Things like getting your funds frozen by Paypal when you're a legitimate
business and handed over a fuckton of documentation and proof of legitimate
orders to prove it. Which then destroys your cashflow, which means the typical
'pay in 30 days' that is extremely common in business 2 business transactions
gets messed up because Paypal froze your money. You can't pay your supplier,
your order doesn't come in, meanwhile you've been shipping your product to
your customers despite the fact all the revenue from these orders is getting
insta-frozen, and now you're starting to actually get legitimate issues of
customers not getting their product because you can't pay your supplier for
new product and can't ship to your customers, which makes Paypal clamp down
ever harder to 'resolve these issues before we unfreeze the account', which of
course is an issue they created and an issue that can't be solved because
they're kidnapping your money.

So now you need to find external financing (we're not talking about Amazon
here, but commonly 1 or 2 people selling products from their home, the
internet's mom & pop stores) to fund the supplier's order, then ship, cancel
customer's orders so you can prove to Paypal you can ship to every placed
order (who leave negative feedback, understandably), and see customers cancel
orders themselves (more negative feedback), and then unfreeze the money, pay
back your financier, place another order with a supplier and hope to regain
lost customers.

And that's the simple story, the true story is extremely frustrating and much
more complex with cashflow being frozen for 6 months while you're trying to
keep your business alive. Not everyone wants to recount it every time they
want to criticise Paypal.

Now if there were legitimate concerns, cool. But as nailer said, you can find
tons of stories of people who ran into these issues for no reason and without
a reason given, without due dilligence and without the type of 'reasonably
swift' (i.e. days or at most weeks, not 6 months) recourse & resolution of
frozen cashflow you need to run a business without going bankrupt.
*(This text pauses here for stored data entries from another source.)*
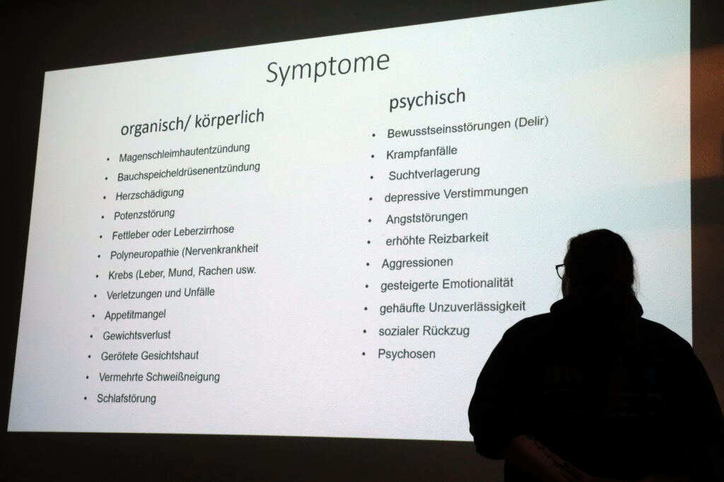 Mohrmann zeichnete für das rund 40-köpfige Publikum – zumeist Mütter – den Weg vom Genuss bis zur Abhängigkeit mit Alkohol nach. Vom Genuss, bei dem die angenehme Wirkung im Vordergrund steht, über den Missbrauch, bei dem die Substanzen etwa die Stimmung heben oder Sorgen vergessen lassen sollen, führt der Weg über die Gewöhnung zur Abhängigkeit. Das problematische am Alkohol: Er kann sowohl beruhigend als auch aufputschend wirken.
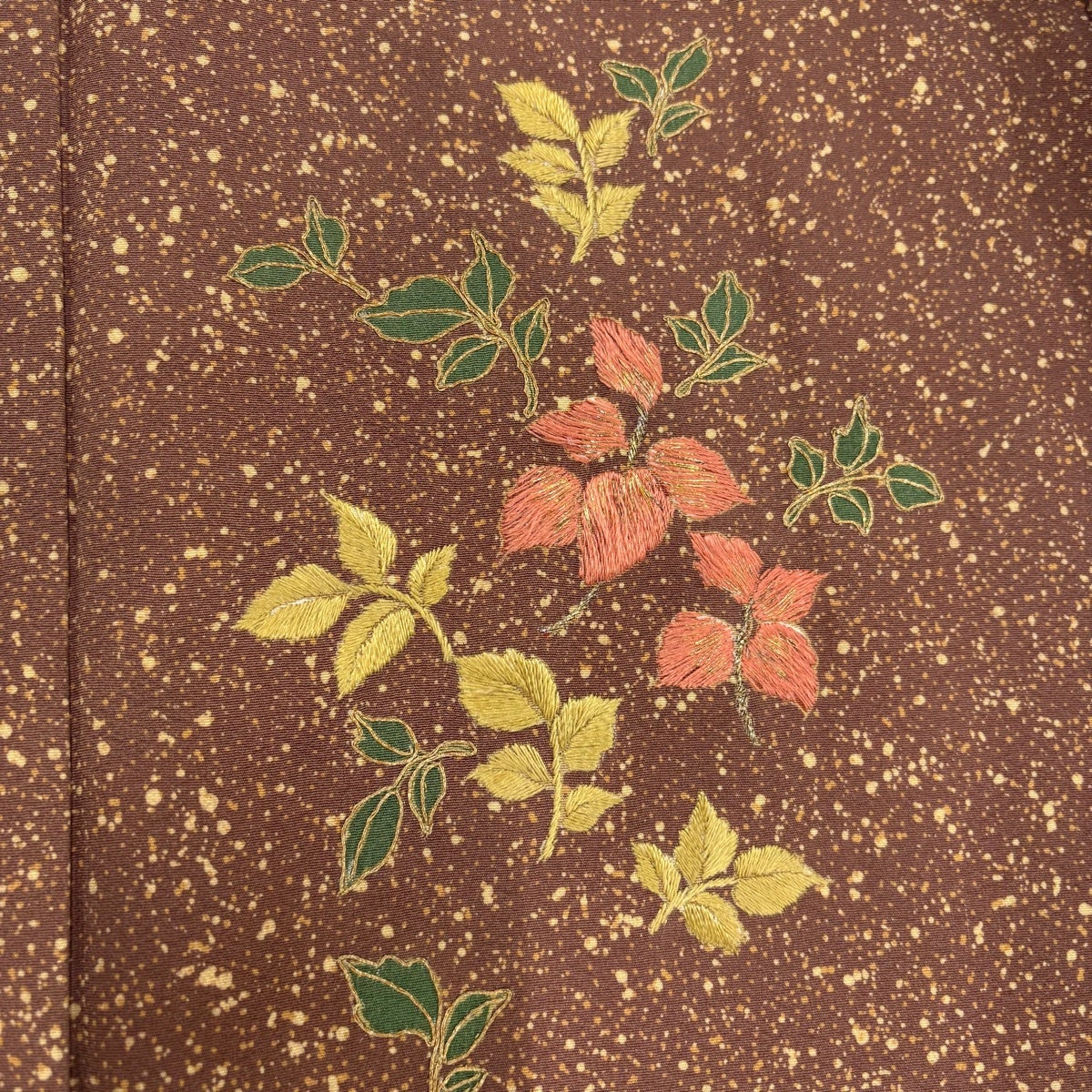 付下げ 身丈155cm 裄丈62.5cm S 袷 葉柄 幾何学模様 金糸 刺繍 茶色 正絹 秀品 一つ紋
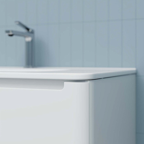 одвесная тумба с плоским умывальником Edifice универсального белого цвета – воплощение современного минимализма. Мягкие линии корпуса в сочетании с удобными интегрированными ручками выглядят свежо и актуально. Смотрится аккуратно, легко и не усложняет процесс уборки в ванной благодаря подвесной конструкции.
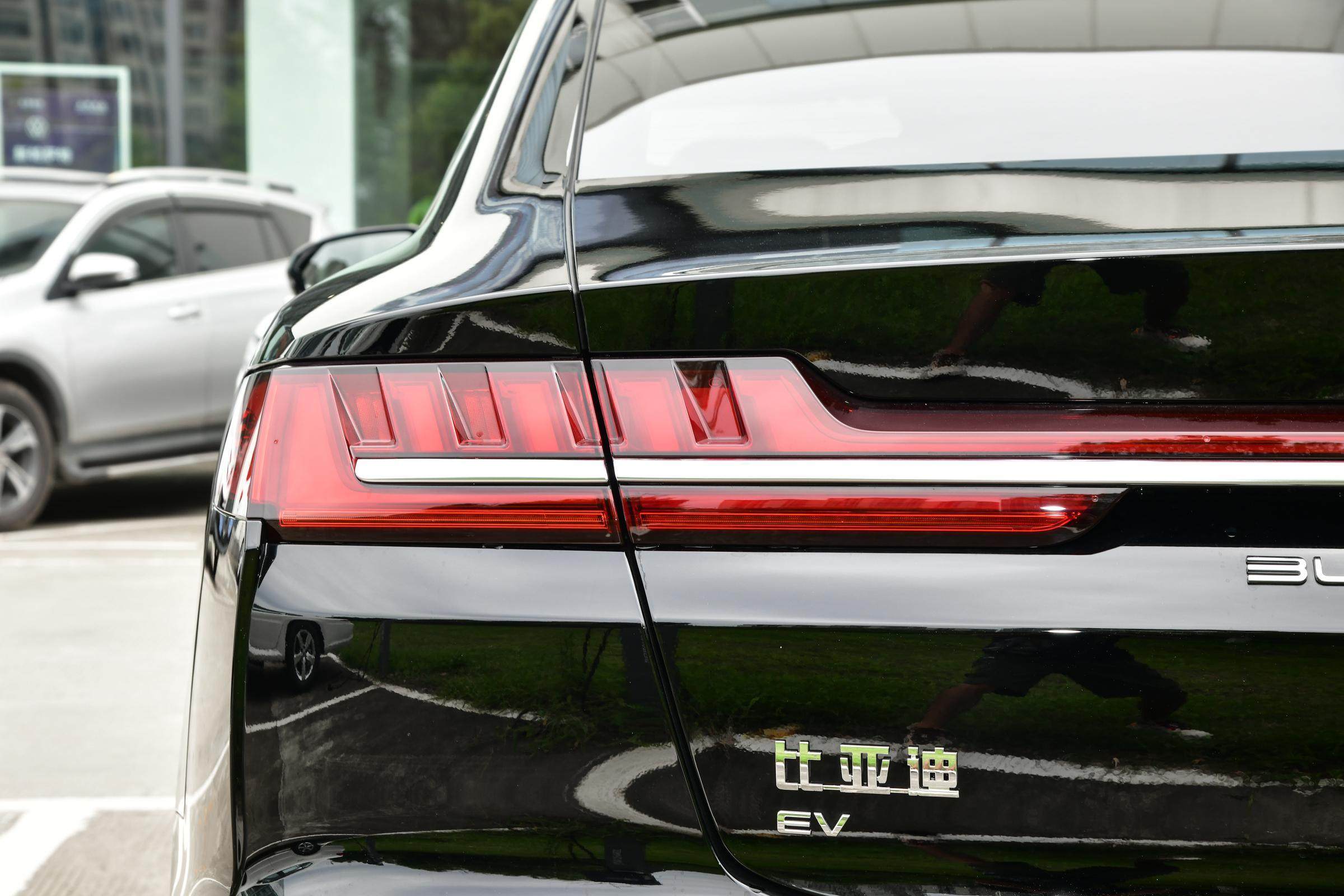 其车尾造型则与旧款的比亚迪汉EV非常相似,龙爪造型的贯穿式尾灯十分具有辨识度和标志性,加上亮色的镀铬饰条以及简约的LOGO标识,整体看上去较为简洁,也较为符合现代车型的设计。

A tip, if anyone ever does a product launch with Paypal, call them beforehand.
Launching a product and selling in a spike the first days/weeks (i.e.
extremely typical for virtually every launch ever) is a red flag for Paypal.

Which means for anyone doing a pre-order, well you're fucked if you get
unlucky. Plenty of stories of people doing a legitimate pre-order campaign
with customers willing to wait say 2 months on the product. Halfway through
your pre-order campaign you think 'alright I'm at $60k right now, I'll
probably make it to $100k. I'll start to order from my supplier about $80k's
worth for now to be on the safe side. You pay $25k of your own money upfront'.
Campaign is over, you reached $100k, your supplier is busy, you call him up to
adjust to $100k, and tell him you'll pay the remaining $75k right away. Turns
out all your money is frozen. Supplier won't ship, Paypal won't unfreeze the
money for months. You inform your customers, they're sad. 3% of them files a
complaint with Paypal for a refund, which now means that 100% of Paypal's
feedback from customers about you is negative, seeing as you haven't been able
to ship to anyone yet.

You might think well good, Paypal protects its users from fraud (despite a
total ignorance as to how normal pre-orders work, thereby screwing over their
users), but this stuff happens to people who've done business with Paypal for
5-10 years. It happens to companies with solid internet reputations that takes
5 seconds to review on the internet or with a phonecall whether they're
legitimate.

And that's the 'normal' stuff, i.e. selling a videogame, a bracelet, a usb
charger etc... But if we get to the really controversial stuff, like omg sex
on video, I know I should use the p-word but I'll just say it, porn... did
that get censored? Well then you're out of luck with Paypal entirely, which is
insane.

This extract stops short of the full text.